"Uni-Karriere mit Kind muss möglich sein"

- Benachteiligt hat sich Claudia Philipps nie gefühlt, als Frau in einer Männerdomäne. Trotzdem sagt die Informatikerin: "Man muss etwas tun, damit der Frauenanteil in technischen Disziplinen steigt." Philipps ist neue Frauenbeauftragte der Technischen Universität München (TUM). Am Mittwoch tritt sie ihre zweijährige Amtszeit an.

Zwischen zwölf und 16 Prozent liege an der TUM der Anteil der Studentinnen in Fächern wie Informatik oder Ingenieurwissenschaften. Zu wenig, wie Philipps findet. Sie will deshalb spezielle Programme ausbauen, die schon junge Mädchen an technische Fächer heranführen.

Konzepte für eine familienfreundliche Uni

Claudia Philipps hat noch ein weiteres Anliegen: "Je höher man in Industrie oder Universität in der Hierarchie schaut, desto geringer wird die Zahl der Frauen." Das gelte auch für Studiengänge wie Medizin oder Chemie, wo die Studentinnen teilweise sogar in der Überzahl seien.

Schwierigkeiten, Karriere und Familie in Einklang zu bringen, sieht die neue Frauenbeauftragte als eine der Hauptursachen für den später sinkenden Frauenanteil. "Das habe ich auch bei vielen gesehen, die mit mir studiert haben", sagt sie.

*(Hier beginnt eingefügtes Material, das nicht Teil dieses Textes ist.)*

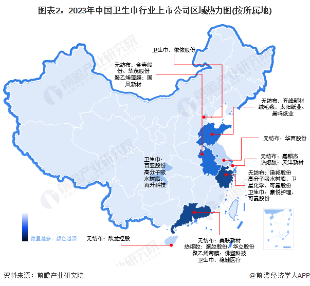據企查貓統計數據,截至2023年9月,全國共有衛(wèi)生巾生產制造企業(yè)116家,其中廣東省衛(wèi)生巾企業(yè)數量最多,為22家。衛(wèi)生巾區(qū)域集中度CR5為67%;CR10為94%。

Claudia Philipps, die 2003 ihre Promotion an der TUM abgeschlossen hat, hat keine Kinder. Dennoch ist sie sich sicher, dass sie selbst kaum Hemmungen hätte, sich auf die Doppelbelastung Wissenschaft und Mutterschaft einzulassen.

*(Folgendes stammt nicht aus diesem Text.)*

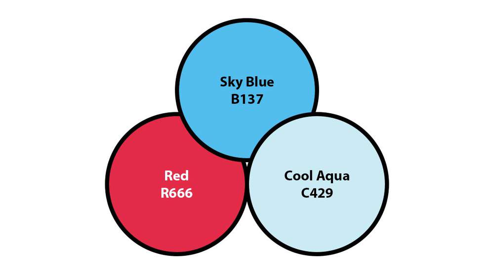 Red (R666), Sky Blue (B137), Cool Aqua (C429)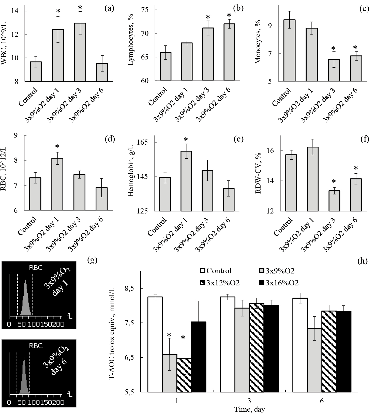 Рис. 2. Динамика изменений клеточной формулы крови на 1-е, 3-и и 6-е сутки после ИГТ в режиме 3 × 9% O₂ (a-g) и общей антиоксидантной способности сыворотки после ИГТ при 9, 12 и 16% кислорода (f). (a) ‒ общее количество лейкоцитов (WBC), 10⁹ клеток/л. (b) ‒ доля лимфоцитов от общего числа лейкоцитов, %. (c) ‒ относительное процентное содержание моноцитов, %. (d) ‒ количество эритроцитов (RBC), 10¹²/л. (e) ‒ концентрация гемоглобина, г/л. (f) ‒ коэффициент вариации ширины распределения эритроцитов (RDW-CV), %. (g) ‒ гистограммы распределения эритроцитов, фл. (h) ‒ общая антиоксидантная способность (T-AOC) сыворотки крови в тролоксовом эквиваленте, ммоль/л. Обозначения: Белые столбики ‒ Control, контрольная группа, не проходившая ИГТ; серые ‒ 3 × 9% O₂, группа ИГТ при уровне кислорода 9%; штрихованные ‒ 3 × 12% O₂, крысы, тренировавшиеся при оксигенации 12%; черные ‒ 3 × 16% O₂, содержание кислорода в смеси для ИГТ животных составляло 16%.

Vielleicht, sagt Claudia Philipps, seien es gar nicht immer nur die tatsächlich vorhandenen Hindernisse, die Frauen von einer beruflichen Karriere abhalten. "Oft muss man die Leute nur ermutigen." Warum solle denn eine Informatikerin, die gerade Mutter geworden ist, nicht zumindest in Teilzeit von zu Hause aus am Computer arbeiten?, fragt Claudia Philipps. Als Frauenbeauftragte will sie ein entsprechendes Bewusstsein an der Technischen Universität etablieren.

In den kommenden Wochen will sich Claudia Philipps erst einmal einlesen in ihr neues Aufgabengebiet. Anfang Mai soll dann ein erstes Treffen mit den Frauenbeauftragten der Fakultäten stattfinden.